Dependency solution #1

Closed c0sogi closed 1 year ago

c0sogi commented 1 year ago

This Pull Request (PR) incorporates various convenience improvements and code refactoring. The main changes are as follows:

  1. Dependencies are automatically installed. By providing the --install-pkgs option when running the server, not only the packages of this project but also the packages of all related repositories are installed. This process includes identifying the appropriate version of CUDA and installing the corresponding PyTorch, as well as the installation of TensorFlow. Please refer to the README for more details.

  2. The need to install the pytest package has been eliminated by performing unittest instead of pytest.

  3. The docker-compose file is configured to fetch the already built docker image from Dockerhub.
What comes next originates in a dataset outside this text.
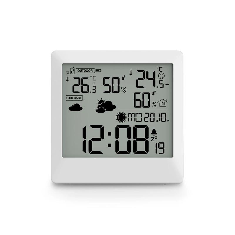 - Duidelijk digitaal display met temperatuur, vochtigheid, weersvoorspelling en maanfases
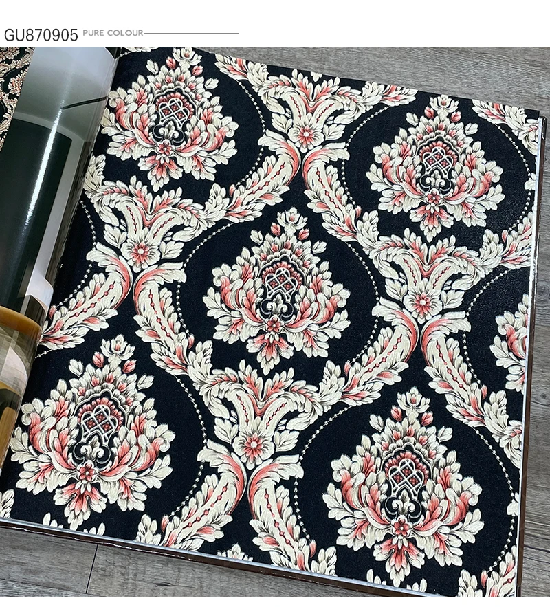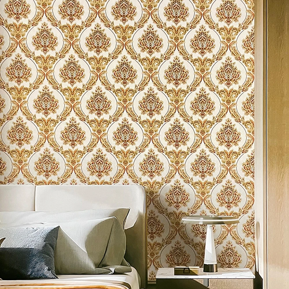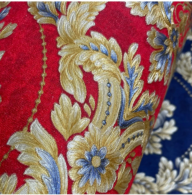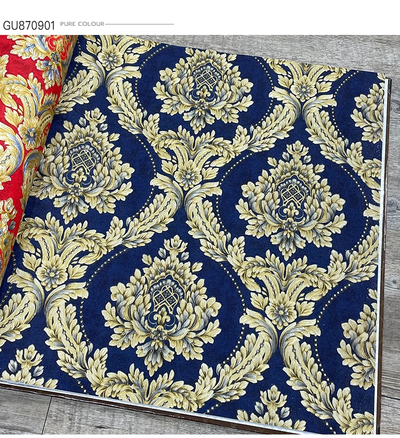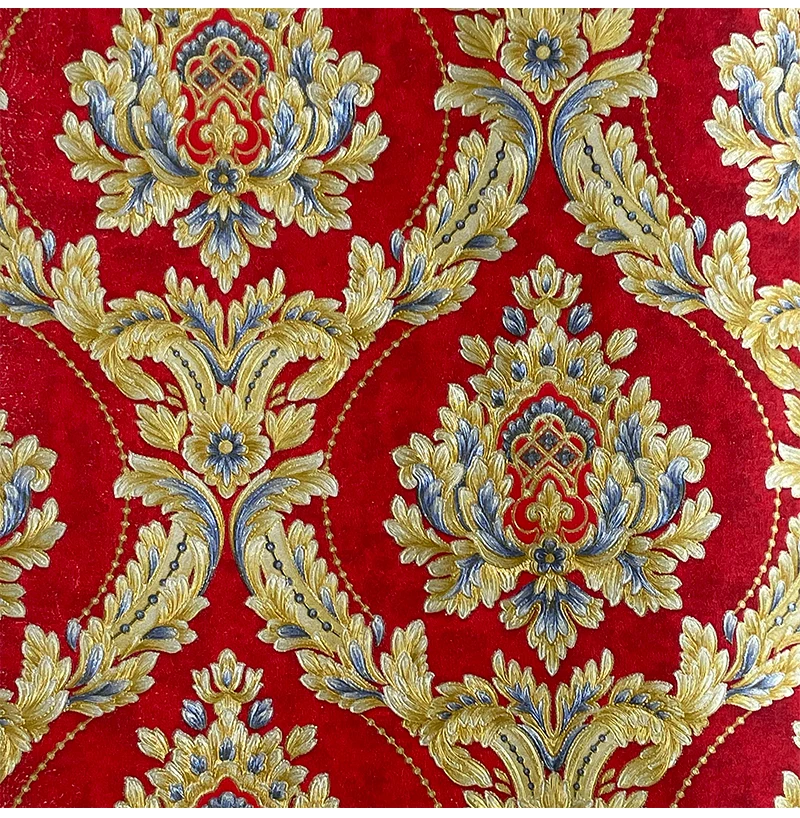 French Red Damask Flocking Embossed Textured Wallpaper Roll for Living Room Bedroom Gold Red Prepasted Wallpaper Multi-Color

  4. The poetry dependency is included in pyproject.toml. However, it is not recommended to directly install dependencies using poetry. When running the server, the toml file is converted to a requirements.txt file, and the necessary packages are installed via pip install.

  5. There is no need to use semaphores because the concurrent use of the model is already limited through the scheduling of the process pool's workers. However, by using semaphores, a queue can be created to efficiently utilize the cache model left in the existing worker for the worker scheduler, so the feature has been retained.

    This PR has already passed all test suites in the Python 3.11, Windows 11, CUDA 12.2 environment and will be merged automatically after an appropriate code review.